A particular interest emerged for modular assemblies of power diodes and thyristors together

with other components, exhibiting significant added value, in discrete version fixed/pressed on

aluminium heatsinks like the so-called „application kits” conceived and developed by eng.

Mihai Chiș, as well as in monolithic versions, moulded or filled with epoxy resins, designed

by eng. Milan Peleanu. Due to the impetus of these developments and the additional space

requirements, the production of the heatsink-mounted assemblies led by Mihai Chiș was located

in the older germanium unit, Section 2200.

3.5.6. Test, Quality and Reliability Assessment

The resulted final devices and assemblies were submitted to complete electrical testing and

sorting. This was a 100% screening and sorting process done in the assembly and test

department. In the beginning of Section 2300, when SILEC diodes were manufactured under

license, the responsibility was with eng. Gheorghe Florea, then it was assumed by Eugen Popa

together with eng. Eva Rado after thyristors have been introduced.

At the same time, the quality assurance pulled random samples from all batches and performed

checks and assessments, as well as reliability evaluations. The quality assurance methodology,

formerly dealt with by eng. Radu Dragomir, became rather obsolete after two decades of

classical approach and was upgraded when Florian Țurțudău got involved in implementing

the ISO standardization and in establishing an up-to-date quality system, which strengthened

23

the competitive advantages of the products, mainly after expanding the presence on the

international market after 1990.

The reliability sector had a spectacular development, in line with the development of the

company, and allowed the manufacturing of high reliability components, which were classified

according to the specific operation conditions: (a) „yellow program” with reference to

components for industrial applications requiring guaranteed reliability; (b) „red program” for

professional components with a minimum reliability index λ 10-6 h-1; (c) „blue program” for

components with special protection for naval and aviation applications; (d) components for the

Romanian Railway Company; (e) components for military applications. The annual reliability

report became one of the most effective instruments for the continuous quality improvement.

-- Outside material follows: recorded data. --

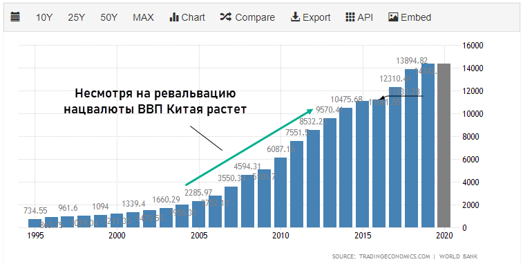 Бывают и исключения из этого правила. Так, в Китае укрепление юаня в нулевых не привело к падению ВВП, экспорт оставался востребован.
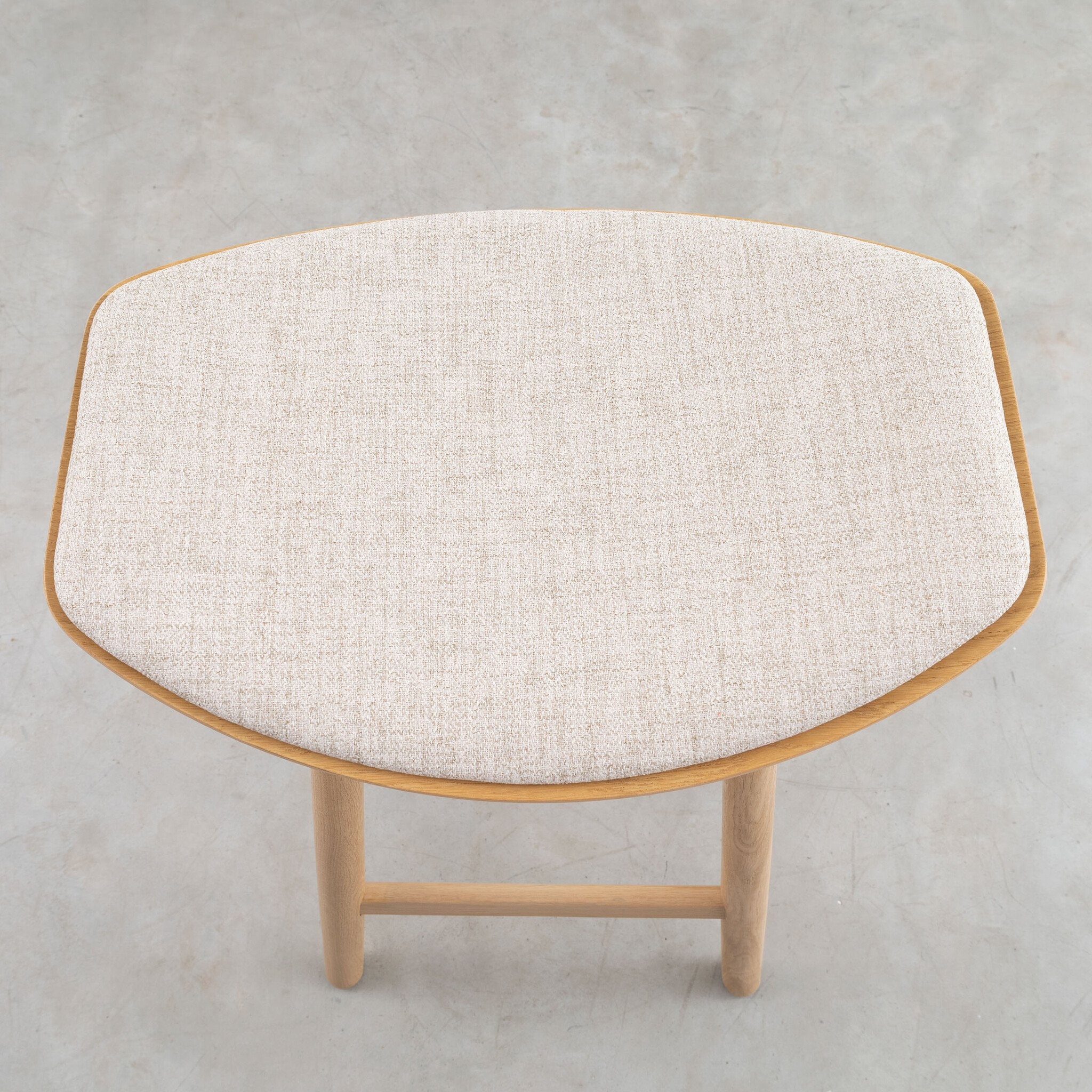 With a seat height of 65 cm, Silja is perfect for kitchen islands. The gently curved seat features top-mounted upholstery in the warm, textured fabric Member Beige 05. The rounded shape naturally encourages good posture, making it comfortable to sit on for extended periods.
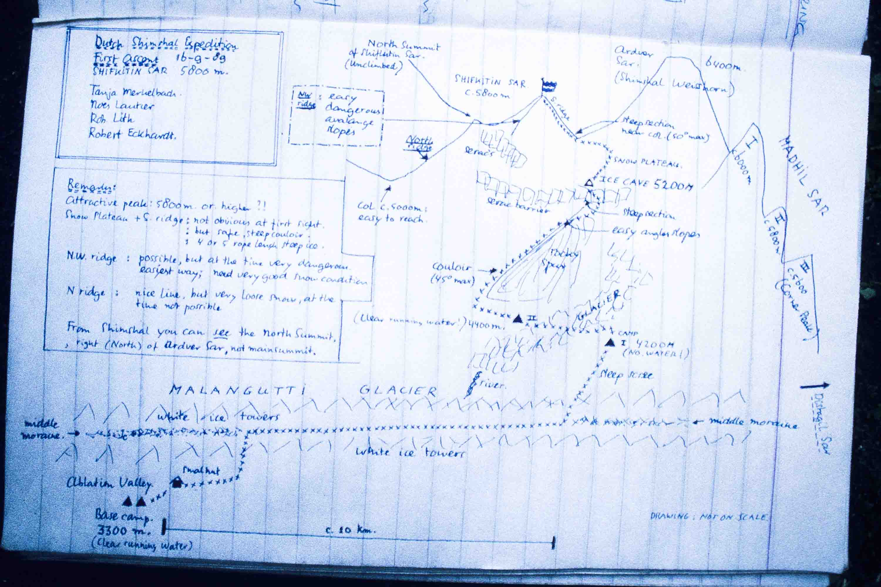 Een Iers expeditieteam verkende in 1986 de Malanguti-gletsjer bij Shimshal. Zij deden een poging om Shifkitin Sar te beklimmen, maar slaagden daar niet in. Shifkitin Sar (of Shifkteen Sar) was in 1989 dus nog nooit beklommen. De Nederlanders richtten zich op Shifkitin Sar, omdat dit de hoogste berg ‘onder de 6000 meter’ in de regio was. Onder de 6000 meter heb je in Pakistan heb je geen vergunning en expeditiepersoneel nodig.
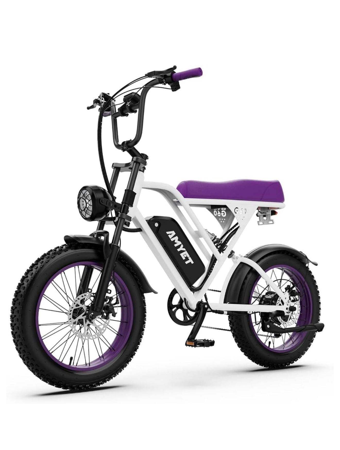 【Peak 1500W Brushless Motor】 Experience the exhilaration of our electric bike designed for adults, featuring a robust 1000W motor with a peak output of 1500W. Feel the wind in your hair as you effortlessly reach speeds up to 30MPH, making every ride an adventure of adrenaline and freedom. 【48V 20AH Battery】Our e-bike is equipped with a detachable 48V 20AH battery, providing an impressive range of 30-70 miles on a single charge. No more worries about running out of juice during your explorations. And with a quick 7-8 hours recharge time, you'll be back on the road in no time. 【20"&4" Fat Tire】Confront any surface with confidence thanks to the 4-inch fat tires that offer unparalleled stability and traction. Whether it's cruising along sandy beaches, navigating rocky trails, or conquering urban streets, our electric bike is ready to tackle any challenge that comes your way. 【Digital LCD Display】Stay in control and informed with the LCD display screen that provides real-time information on your speed, battery level, and more. Enjoy a smooth and comfortable ride, even on rough terrain, with the dual suspension system that absorbs bumps and shocks, ensuring every journey is a pleasurable one. 【7 Gears&Disc Brakes System】 Ride with confidence, day or night, the bright headlight, rear turn signal and brake light alert others to your presence.With the gears 7-speed and dual disc brakes, you can effortlessly shift gears and confidently stop, giving you full control over your riding experience. Choose from three working modes - pure electric, pedal-assist, or pure pedal - to suit your preferences and make every ride tailored to your needs. 【90% Pre-Assembled】The AMYET V9-G60 Electric Bike comes 90% pre-assembled, allowing you to kickstart your cycling journey quickly and effortlessly. With its easy setup, you'll be ready to hit the road in no time. Enjoy the convenience and efficiency of this electric bike as you embark on your riding adventures. 【Eco-Friendly and Cost-effective】By choosing AMYET electric bike, you not only reduce your carbon footprint but also save money on gas and maintenance costs. It is a sustainable and cost-effective mode of transportation.

The reliability evaluation had been started by phys. Barbu Constantinescu, but later it was

broadly developed, upgraded and extended by eng. Marian Udrea-Spenea23 to cover a wide

range of power domains (i.e. up to very high voltages and currents, including unusually high

surge values to be checked), for almost all device types (rectifier and controlled avalanche

diodes, thyristors, triacs, rectifier bridges, modules), and for an extended span of controlled

performances (electrical, thermal, mechanical, environmental, aging under full charge

conditions). Marian Udrea-Spenea had contributed also to the progress of Section 2300 with

several new products and processes. Eng.Augustin Stan added valuable knowledge about

failure mechanisms in power devices24, based on his previous work for the assembling of low

power diodes and automotive products.

3.6. Partners

A major support role in the research, design and development of the specific silicon devices

and the related technologies was played by the specialized research institute ICCE, as well as

by other research units such as ICPMS, IFA, IFIN, and by universities, mainly by the Faculty

of Electronics and Telecommunications of IPB (later UPB). This support was constantly

provided not only to Section 2300 but to all semiconductor production units of IPRS.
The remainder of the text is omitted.